Aux Jardins du Carmel, sous l’égide du Théâtre du Train Bleu d’Avignon (84), Simon Falguières présente Molière et ses masques. Avec humour et pertinence, l’occasion de (re)découvrir comment l’auteur, qui reste le plus célèbre en France, a traversé son époque.

Une fois encore, Jean-Baptiste Poquelin, autrement dit Molière, né en 1622 à Paris, monte sur les planches. Enfin presque, parce qu’il s’agit de raconter son parcours quand celui-ci s’est définitivement achevé. Voilà « une farce rêvée sur la vie et la mort » du plus célèbre des dramaturges et comédiens français, explique Simon Falguières, auteur et metteur en scène de ce Molière et ses masques. Créé en septembre 2024 au festival du Moulin de l’Hydre, à Saint-Pierre-d’Entremont, en Normandie, ce spectacle a d’abord été pensé comme un théâtre de tréteaux, pouvant se déplacer aisément de ville en village.

Voilà désormais sa version « jardinière » comme l’explique la compagnie le K« vouloir jouer dans des abris et non pas des édifices, comme disait Antoine Vitez » Molière et ses masques est donc joué sans décor, si ce n’est deux rideaux blancs et mobiles fixés sur une estrade, laquelle occupe largement la scène. Derrière, on distingue des coulisses avec tables de maquillage, portants pour les costumes… Le but affiché ? Proposer « un grand spectacle populaire de qualité », affirme la troupe. Le texte, publié chez Actes Sud-Papiers, est une incontestable belle surprise. Loin d’un montage hagiographique, mettant à vif les petits à-côtés de la création et de ses censeurs.
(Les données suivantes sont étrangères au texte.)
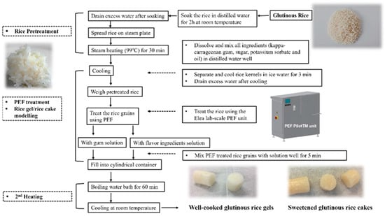 Figure 1. Schematic flowchart for the preparation of rice gel samples and rice cake samples made from glutinous rice grains with or without PEF treatment.

La distribution est à l’image de l’ambition. Avec, première surprise, une comédienne, Anne Duverneuil, dans le rôle de l’auteur de l’Avare, des Femmes savantes, du Misanthrope soit une trentaine de comédies. Seconde surprise, elle est « en civil », c’est-à-dire en jean, escarpins et chemisier blanc. Il est vrai que le personnage n’est plus que le témoin de sa propre existence. Les cinq autres acteurs sont « en costumes », conçus par Lucile Charvet. Des tenues d’apparence simple mais qui campent chaque personnage avec précision. Antonin Chalon, Louis de Villers, Charly Fournier, Victoire Goupil et Manon Rey sont en effet tour à tour aussi bien Louis XIV, Anselme, Richelieu, Madeleine Béjart… Chacun des rôles est « dégenré » passant sans transition d’une actrice à un comédien, et le contraire.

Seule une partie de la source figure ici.